The Residency Requirement Scourge

People with a conservative political outlook tend to like to complain about the low quality of municipal workers. I think this is an exaggeration and  an unfair stereotype, but if people want higher quality public employees, one policy they need to have in their crosshairs is residency requirements.

Arbitrarily restricting your labor market to a small geographic area is the best way I can think of to ensure that a labor market will be uncompetitive, and turn up job candidates of mediocre quality. Everybody likes to think that all the best people live right here in this town, and that’s a cute feel-good idea, but obviously if you expand your labor market to the entire United States, odds are you can attract a wider range of quality candidates, and the candidate who’s truly best will emerge from a more competitive process. Local government isn’t a local jobs program. The purpose is to deliver high quality public services, and to do that you need the highest quality workers.

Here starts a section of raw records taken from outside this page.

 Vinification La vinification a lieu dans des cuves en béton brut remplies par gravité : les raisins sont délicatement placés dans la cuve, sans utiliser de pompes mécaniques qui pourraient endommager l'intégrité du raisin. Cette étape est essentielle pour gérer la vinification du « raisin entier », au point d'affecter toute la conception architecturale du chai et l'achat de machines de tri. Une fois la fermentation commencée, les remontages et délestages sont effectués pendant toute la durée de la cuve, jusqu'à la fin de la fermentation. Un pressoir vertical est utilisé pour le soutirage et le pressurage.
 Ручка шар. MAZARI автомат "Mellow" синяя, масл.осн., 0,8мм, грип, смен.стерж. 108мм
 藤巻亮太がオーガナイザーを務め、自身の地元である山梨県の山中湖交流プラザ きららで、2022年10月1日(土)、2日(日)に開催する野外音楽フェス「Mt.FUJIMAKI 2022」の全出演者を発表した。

Bernie O’Hare is exactly right about this:

Northampton County row officers are ministerial. They are not decision-makers. In the Recorder of Deeds Office, for example, I can record a ham sandwich as long as it is acknowledged, properly notarized and has a tax ID number. These clerks would have to take it because they have no discretion. It doesn’t matter whether they live in Easton or Emmaus.

So what public policy is served by requiring them to reside inside the County? You could argue that a person who lives here is more invested in his community and cares more. But couldn’t that be said of all County workers? And in my experience, it’s just not true. A strong work ethic and dedication to duty has very little to do with where someone lives. An Allentown or Phillipsburg resident might very well be a much harder worker than someone who lives just two blocks away from the courthouse.

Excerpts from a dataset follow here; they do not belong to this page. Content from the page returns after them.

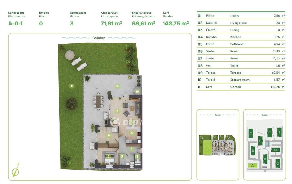 Balaton Déli part, Balatonszemes, közvetlen vízparti, 106 m2 lakás eladó. Az ingatlan a Balaton egyik legszebb vízparti lakóparkjában, természetes zöld környezetben található. a környezettudatosan épült, panorámás kilátást nyújtó, modern épületek esztétikailag és a fenntarthatóság szempontjából is kiemelkedőek, egyszerre biztosítják a kényelmes otthont és a balatoni életstílust. a különböző lakástípusok lehetőséget adnak arra, hogy minden lakó megtalálja a számára tökéletes otthont, akár az Otthon Start Hitelprogram keretében is. a földszinti lakások terasszal és kertkapcsolattal rendelkeznek, az épületek felső emeletén penthouse lakás került kialakításra. Ehhez a 72 m2-es földszinti lakáshoz kis tároló, 68 m2 terasz és 149 m2 saját kert tartozik. a lakópark nem csak elhelyezkedése miatt egyedi, minden egyes lakás a legújabb intelligens technológiával, magas minőségű és igényes alapanyagokkal, prémium extrákkal kerül kialakításra. Egyszerre komfortosak és energiahatékonyak: elektromos redőnyök, szúnyogháló, egyedileg vezérelhető hőszivattyús, fan-coilos hűtési és fűtési rendszer, okosotthon rendszer, beléptető rendszer, riasztórendszer. Az ingatlan értékét növelik a következő szolgáltatások: a területen kialakított gondnoki, üzemeltetési iroda; zöldterületbe illesztett játszótér; zárt, privát vízpart több, mint 130 méteren; partmenti stég; közel 120 m2 vízfelületű strandmedence 16 m2-es gyermekpancsolóval; automata öntözőhálózat a lakóépületek közötti zöldfelületek öntözésére. OTP Ingatlanpont és Pénzügyi Pont irodánk teljeskörű támogatást nyújt az ingatlan kiválasztásával, megvételével, biztosításával és finanszírozásával, akár egyedi kedvezményes hitelekkel, befektetési lehetőségekkel kapcsolatban is. Bővebb információért keressen telefonon!
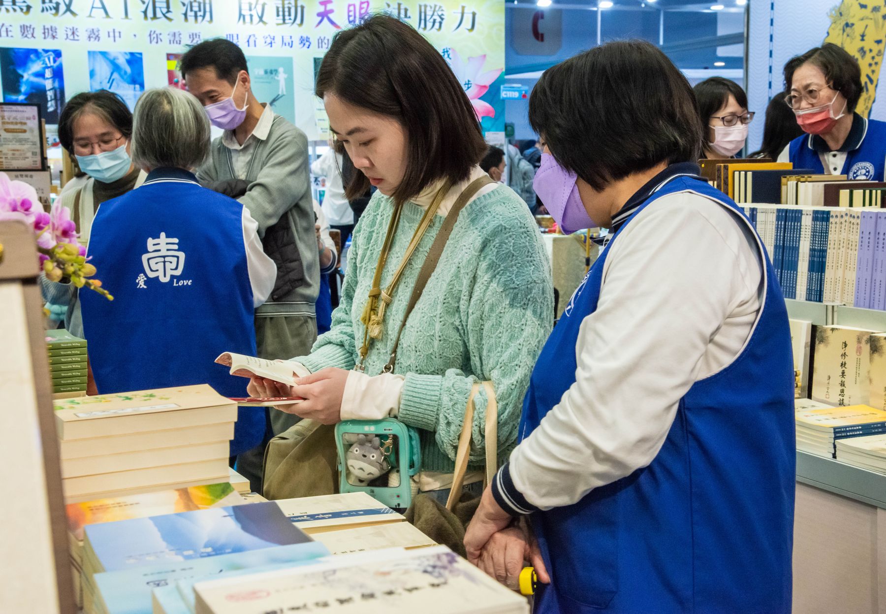 2/4(三)台北國際書展華藏展區,現場人潮絡繹不絕,氣氛歡喜且溫暖,上悟下道法師與多位貴賓親臨會場,共同見證法教的傳承與感動。
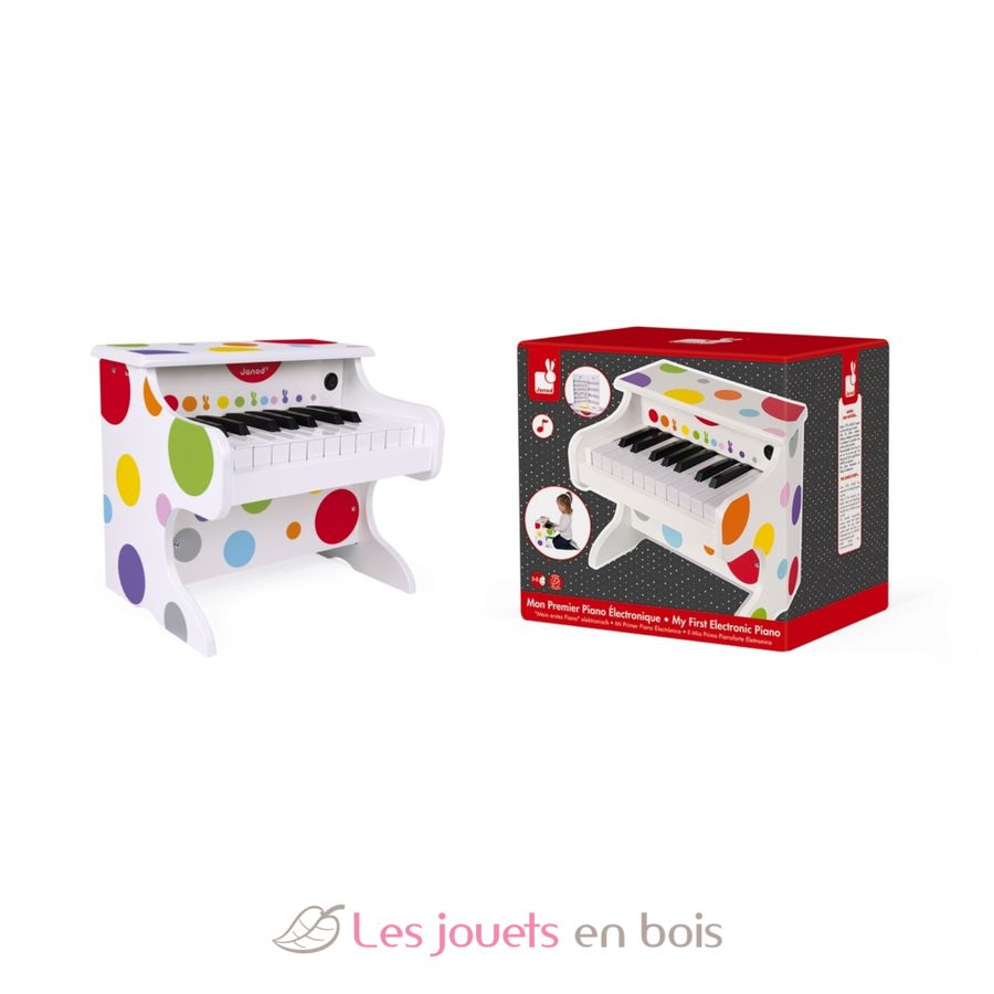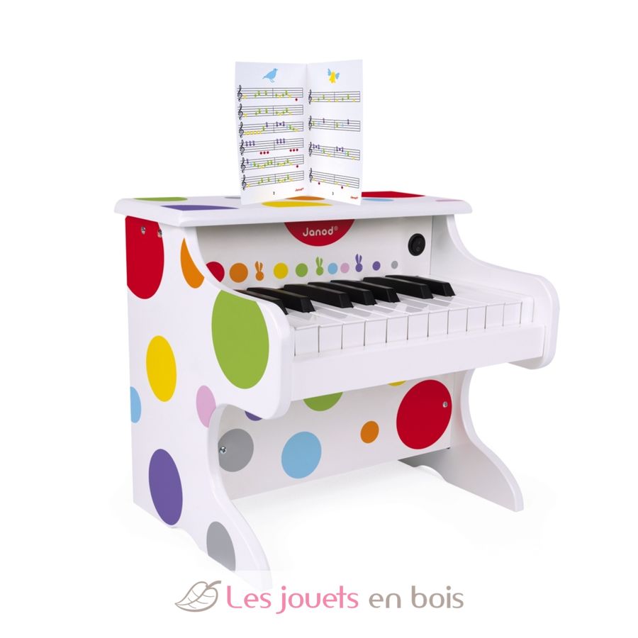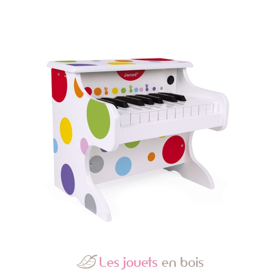 Piano aus Holz. Elektrisch mit Batterien. Geeignet für Kinder von 3 bis 8 Jahren. Dieses attraktive, farbenfrohe 18-Tasten Mini-Playback wird die Kinder begeistern und ihnen die Freude am Klavierspiel näher bringen. Es ist stabil und seine Größe ist ideal für jüngere Spieler geeignet. Enthält vier Partituren, damit Ihr Kind wie ein wahres Wunderkind Klavier spielen kann (französische Lieder: Alouette, Au clair de la lune, Frère Jacques und ein englisches Lied: Twinkle twinkle little star). Das Piano schaltet sich automatisch in den Standby-Modus, nachdem Ihr Kind das letzte Mal 2 Minuten gespielt hat. Benötigt vier 1,5 V Batterien (nicht im Lieferumfang enthalten). Rot, gelb, grün, orange … Konfetti, eine umfangreiche Musik-Kollektion mit Pop N ‚Rock Designs! Konfetti erweckt alle Sinne und führt die jüngsten Musiker in die Freuden der musikalischen Improvisation ein.

What this proposal really does is penalize anyone who wants to be a department head. At least thirty per cent of the county workforce lives in New Jersey. This legislation tells them they can never aspire for more than a minor promotion. It also making their lives harder. It reduces their opportunities to find affordable housing, or to be close to family members who help with child-rearing and other intangibles.

If also flies in the face of regionalism. If we are really interested in promoting the Lehigh Valley, a residency requirement should include Lehigh, Warren and Monroe County.

Finally, it reduces the pool of available employees, making it more difficult to find good and qualified people.


  1. Actually people of all political persuasions, when asked privately, will admit the staggering level of mediocrity or worse that exists with government employees.

    Problem is Democrats can’t be honest about it because they have to whore themselves out to the public employee unions to keep the contributions rolling in.

    Government is the textbook example for doing less with more. Example – what’s the incentive for a bureaucrat? To make his budget larger, not to be more efficient. That’s how he measures his worth.

    We need to first prohibit public employee unions from playing any role in the political process (you’ll feel so much better Jon when you don’t have to be a whore), and then turn the entire employment model upside down so that the taxpayer’s interests are put first.

  2. Except for emergency services personnel I support it, have for years.

    And how a bureaucrat values himself is not stock boilerplate it’s Management 101. First step in learning how to manage people is you need to figure out what motivates them and use it to the company’s and their advantage. When that motivation point is contrary to the interests of the company (as is the case when budget size trumps efficiency) one of two things needs to happen – either the employee changes, or the employee goes.

    That doesn’t happen in the public sector which is just one of the many reasons it’s so damn inefficient.

    • Jon Geeting says:

      I agree that public sector institutional design can give workers bad incentives, but organizations can always be made better. I just don’t like the fatalism, or the idea that there’s something inherently wrong with the people, when the problem is more about the institutions.

      • Government jobs attract people without much ambition or drive. I’m sorry but that’s the truth.

        Why? For one, there’s no significant potential financial upside or opportunity for advancement. You’ll get slightly overpaid, and you’ll have gold-plated retirement benefits guaranteed by the taxpayer, but you’ll never be a heavy financial hitter, never independently wealthy.

        The compensation structure that’s in place now also has eliminated the “civil servant” bullshit. Working for the government now provides compensation in excess of similar private sector positions.

        So when your organization is designed to attract unmotivated people, you get unmotivated people and they do a lousy job.